Self-Publishing FAQs

Questions. When it comes to self-publishing, we’ve got a lot of them. Although I’m just scratching the surface, here are the answers to self-publishing FAQs to make writing and publishing your book easier and faster. Please ask your own questions in the comments if I don’t answer them here.

What’s the difference between traditional publishing, vanity publishing, and self-publishing?

When a book is traditionally published, the author usually gets paid an advance and royalties. The publishing house pays for editing, design, publication, and distribution. That’s the good news. The bad news is that publishing houses are trying to make money and therefore are VERY particular about who and what they will publish. It is difficult to find an agent who then hopes to place your book with a publisher. Books are often published two years after acceptance and royalty payments are small comparatively.

Vanity publishers (often now called hybrid publishers) talk about the best of both traditional publishing and self-publishing. Unfortunately, it’s the best of both worlds for them, not you. You will pay them to get your book edited, designed, and published and then they will give you a percentage of royalties all while they hold the rights to your book. Don’t give up your money and your rights.

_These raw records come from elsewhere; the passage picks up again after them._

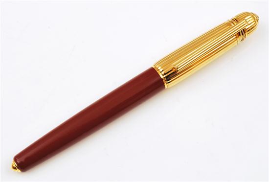The fountain pen with red composite case, 18ct gold nib and diamond set trinity gold plated cap, circa 1989.
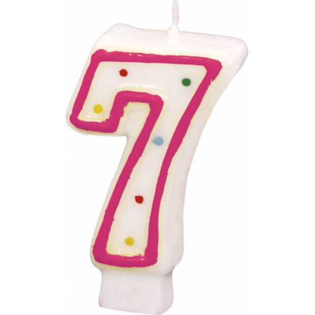 Narozeninová svíčka ve tvaru číslice 7 s puntíky. Výška 7,3 cm.
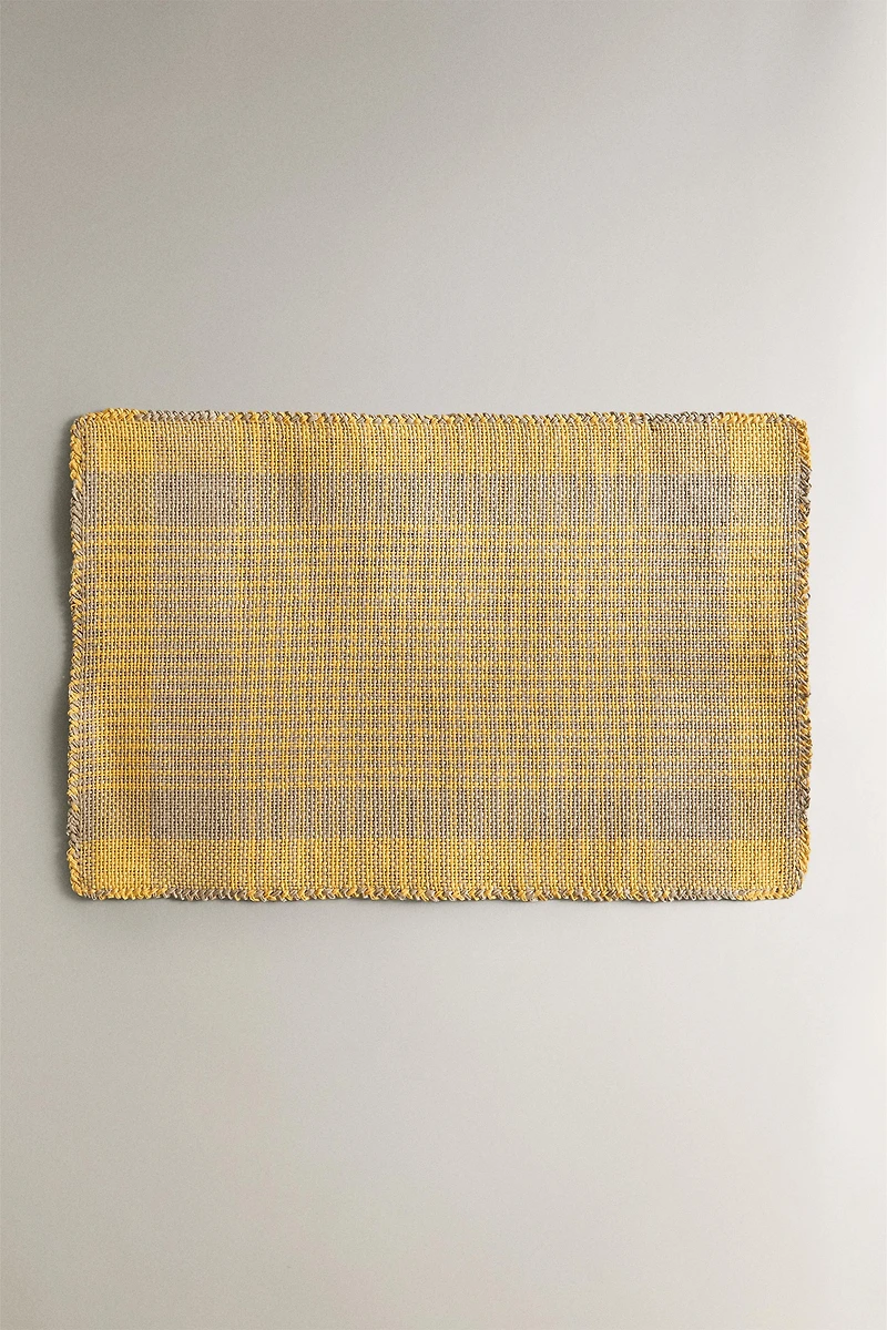 Woven paper placemat with a check design.
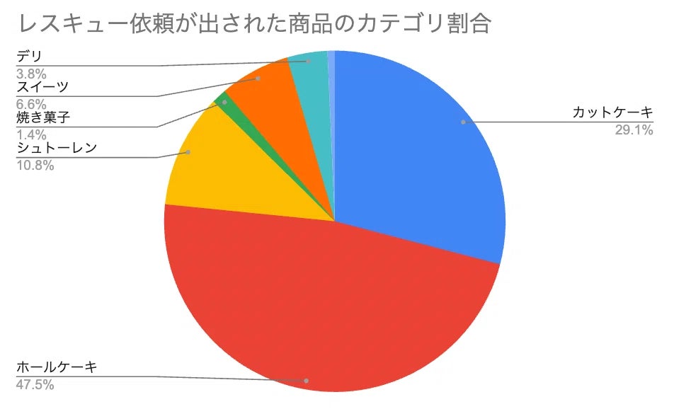 昨年のクリスマスレスキュー大作戦での出品商品割合としては、ホールケーキ、カットケーキなどのケーキ類が最も出品割合として大きく、次いでシュトーレン、その他菓子、惣菜類となっています。
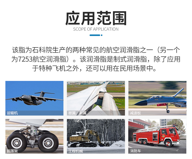 該脂為石科院生產(chǎn)的兩種常見(jiàn)的航空潤(rùn)滑脂之一(另一個(gè)為7253航空潤(rùn)滑脂)。該潤(rùn)滑脂是部隊(duì)制式潤(rùn)滑脂,除了應(yīng)用于飛機(jī)之外,還可以用在民用場(chǎng)景中。
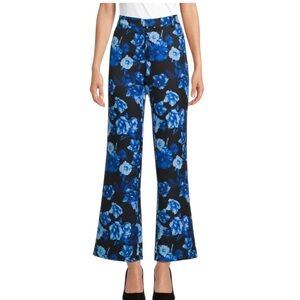Area Stars NWT Hannah Blue Flared Pants with Floral Pattern Wide Leg Size XL
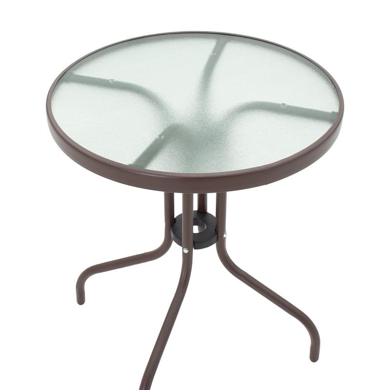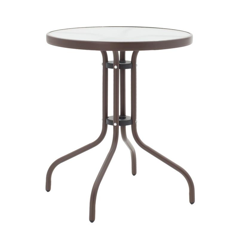 Outdoor dining table Watson-Sussie brown metal – glass Φ60×70 cm
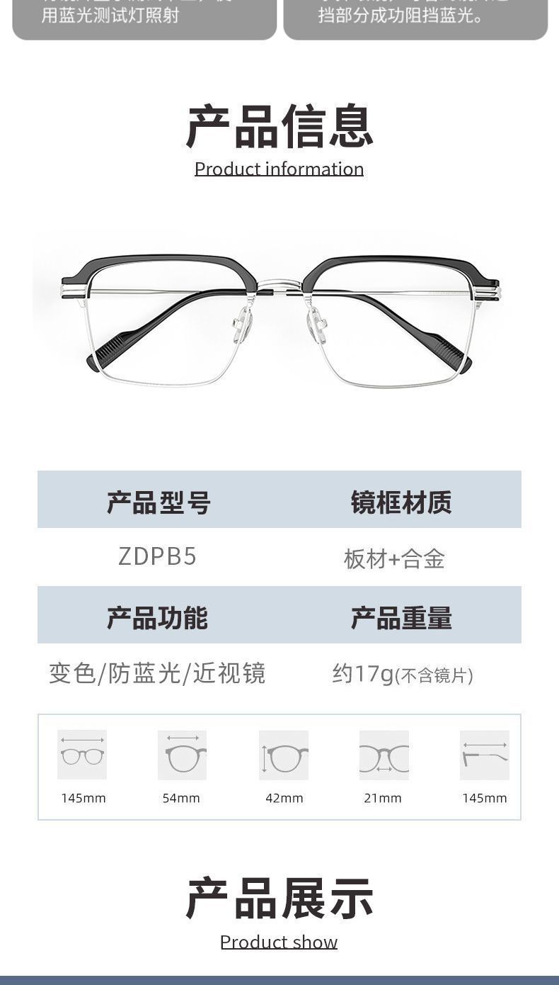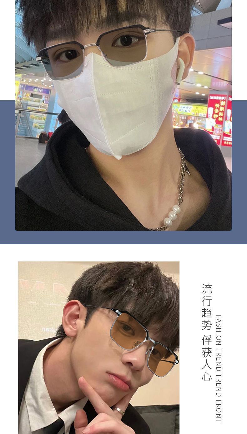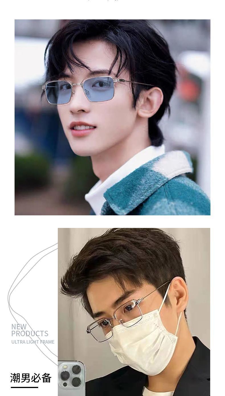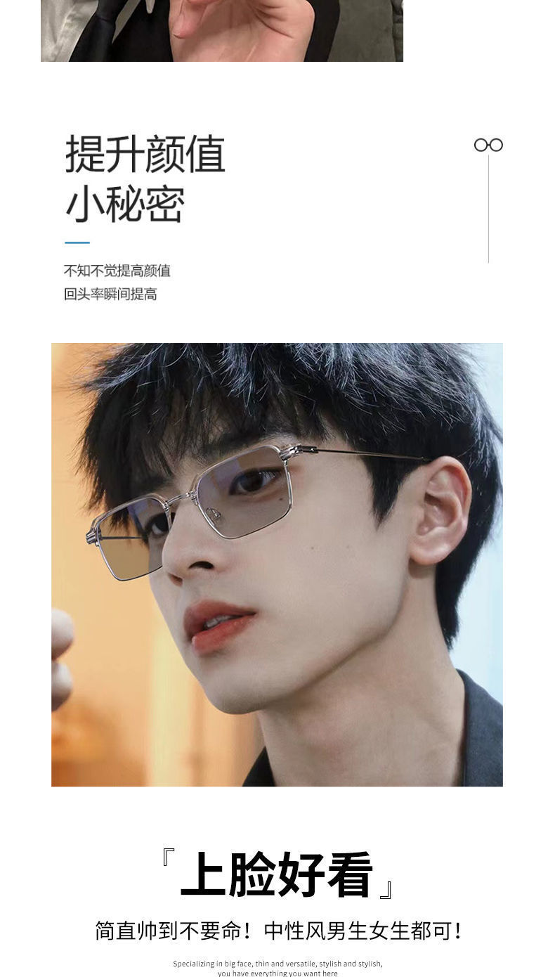 半框变色近视眼镜男痞帅潮方形显脸小专业配镜防蓝光防紫外线护目
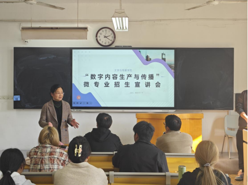 根据宿州学院“关于开展2024年微专业招生工作的通知”,2024年11月7日,文学与传媒学院在教学楼A313教室召开数字内容生产与传播微专业招生宣讲会。文学与传媒学院院长、数字内容生产与传播微专业负责人李月云,专任教师魏逸扬、邵一平,教学秘书徐文斌及2022级、2023级新闻学专业、文化产业管理专业和网络与新媒体专业学生参加了宣讲会。
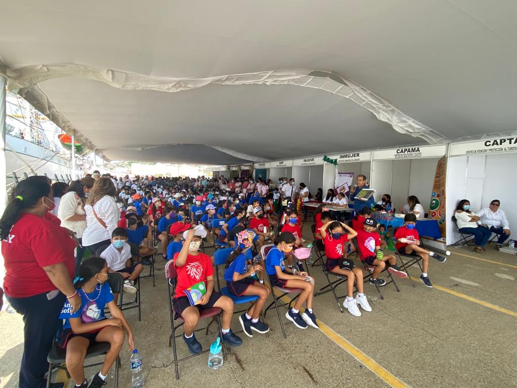 Los primeros en visitar la embarcación fueron los estudiantes de la primaria Manuel Ávila Camacho, el Colegio Militarizado Madrid y la Secundaria Técnica Número 1, en el segundo día de visitas han recorrido la cubierta alumnos de la Telesecundaria Unidad Ciudadana de la colonia Simón Bolívar.

Self-publishing is aptly named because you do it yourself, but you keep ALL of the rights and royalties when your book sells. Companies, like The Happy Self-Publisher, offer help to writers who don’t have the time, energy, or knowledge to edit, design, format and publish a book. Yes, we charge a fee for what we do, but you control the timing, price, content, and set the goals you want to reach. Once your book is in print (or your ebook is online) everything you earn in royalties is yours. If you want to change or update your book, you can do it easily.

 Self-publishing FAQs

What is print on demand publishing?

Print on demand publishing means that as one book is ordered (on Amazon, for example), one is printed. You benefit because you no longer needed to order a garage full of books. You can purchase 1, 10, 57, or 893 books to have inventory to sell at events and reorder as you need. That means you aren’t burdened with the upfront costs. Print on demand books are digitally printed and best for word-heavy books. Offset printing is best for photo/graphic-heavy books like picture or photo books. The quality of digital printing gets better every year and will undoubtedly catch up to offset sometime in the future.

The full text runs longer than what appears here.